Raphael Semmes (/sɪmz/ SIMZ; September 27, 1809 – August 30, 1877) was an officer in the Confederate Navy during the American Civil War. He had served as an officer in the United States Navy from 1826 to 1860.

During the American Civil War, Semmes was captain of the cruiser CSS Alabama, the most successful commerce raider in maritime history, taking 65 prizes. Late in the war, he was promoted to rear admiral. He also acted as a brigadier general in the Confederate States Army from April 5 to April 26, 1865, although this appointment was never submitted to or officially confirmed by the Confederate Senate.

Semmes was born in Charles County, Maryland, on Tayloe's Neck. He was a cousin of future Confederate general Paul Jones Semmes and of future Union Navy Captain Alexander Alderman Semmes.[citation needed]
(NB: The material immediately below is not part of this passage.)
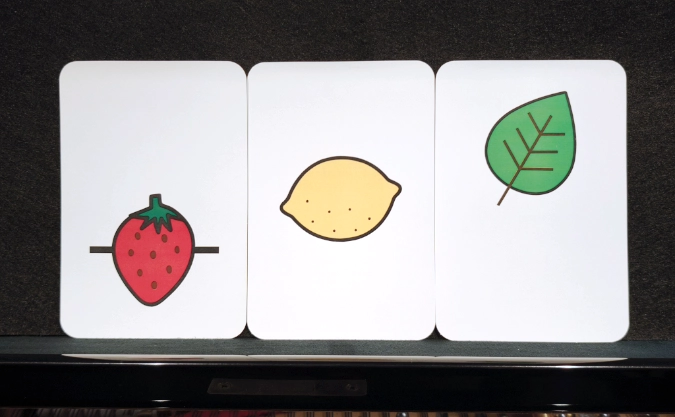 いちご→「ド」、レモン→「レ」、葉っぱ→「ミ」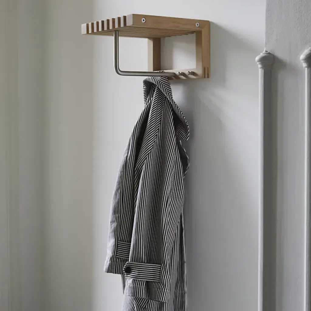 Maximize bedroom storage in a minimalist way with the Cutter Mini Wardrobe from Fritz Hansen. This wall-mounted clothing rack features a slatted silhouette that mounts directly to your wall. Expertly constructed from beautiful wood, the mini wardrobe includes a loop for the placement of hangers. The Cutter provides ample hanging room for shirts, dresses, and more while allowing air to circulate.

He graduated from Charlotte Hall Military Academy and entered the U.S. Navy as a midshipman in 1826. Semmes first served on the Lexington, cruising the Caribbean and the Mediterranean until September 1826, when he was placed on leave for ill health. After a short convalescence, he served on the USS Erie for part of 1829 and on the USS Brandywine (formerly Susquehanna) for the rest of 1829 and the first nine months of the following year. On September 29, 1830, he was posted to the USS Porpoise of the West Indies squadron, which was attempting to suppress piracy in the Caribbean. Semmes then studied law and was admitted to the bar. He was promoted to lieutenant in February 1837.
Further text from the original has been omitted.